#### [Available data]
═══

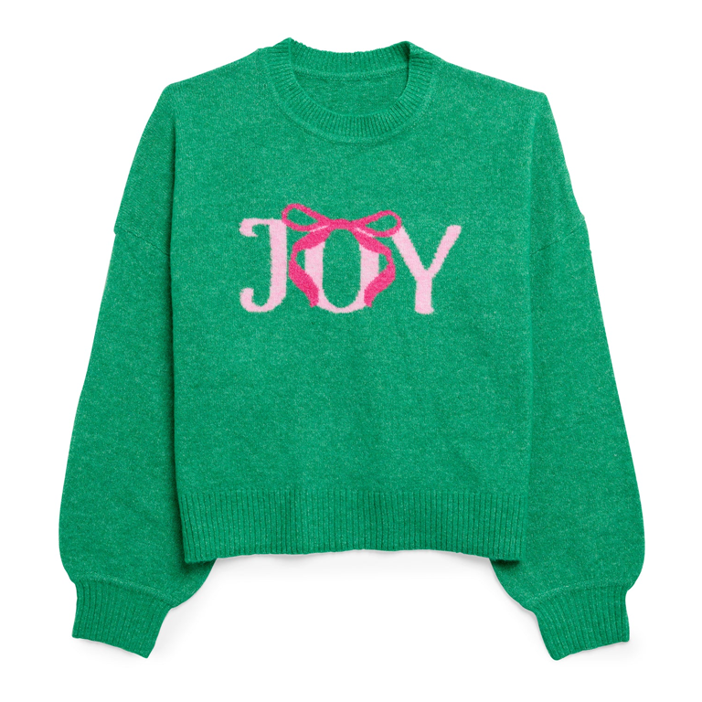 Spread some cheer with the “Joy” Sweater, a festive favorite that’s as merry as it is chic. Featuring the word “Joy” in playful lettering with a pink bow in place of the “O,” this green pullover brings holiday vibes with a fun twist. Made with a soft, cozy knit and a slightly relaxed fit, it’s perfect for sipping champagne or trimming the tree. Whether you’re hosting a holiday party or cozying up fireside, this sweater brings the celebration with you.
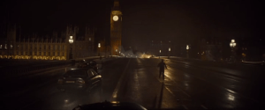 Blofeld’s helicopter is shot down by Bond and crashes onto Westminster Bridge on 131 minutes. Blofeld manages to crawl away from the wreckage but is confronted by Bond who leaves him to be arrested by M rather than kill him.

═══

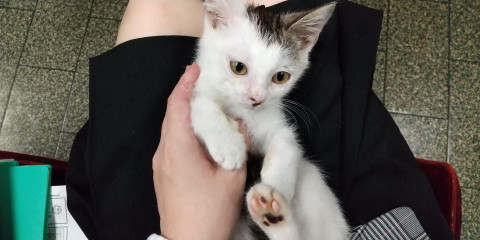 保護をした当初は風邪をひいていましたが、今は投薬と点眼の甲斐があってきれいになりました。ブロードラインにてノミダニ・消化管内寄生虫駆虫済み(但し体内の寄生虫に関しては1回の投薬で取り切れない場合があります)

═══

#### [Task prompt]
Range to copy from the listing above: the line containing "Spread some cheer" down to the line containing "Blofeld’s helicopter is", both included. Reproduce it exactly, minus the pictures, and add nothing.

#### [Solved exercise]
 Spread some cheer with the “Joy” Sweater, a festive favorite that’s as merry as it is chic. Featuring the word “Joy” in playful lettering with a pink bow in place of the “O,” this green pullover brings holiday vibes with a fun twist. Made with a soft, cozy knit and a slightly relaxed fit, it’s perfect for sipping champagne or trimming the tree. Whether you’re hosting a holiday party or cozying up fireside, this sweater brings the celebration with you.
 Blofeld’s helicopter is shot down by Bond and crashes onto Westminster Bridge on 131 minutes. Blofeld manages to crawl away from the wreckage but is confronted by Bond who leaves him to be arrested by M rather than kill him.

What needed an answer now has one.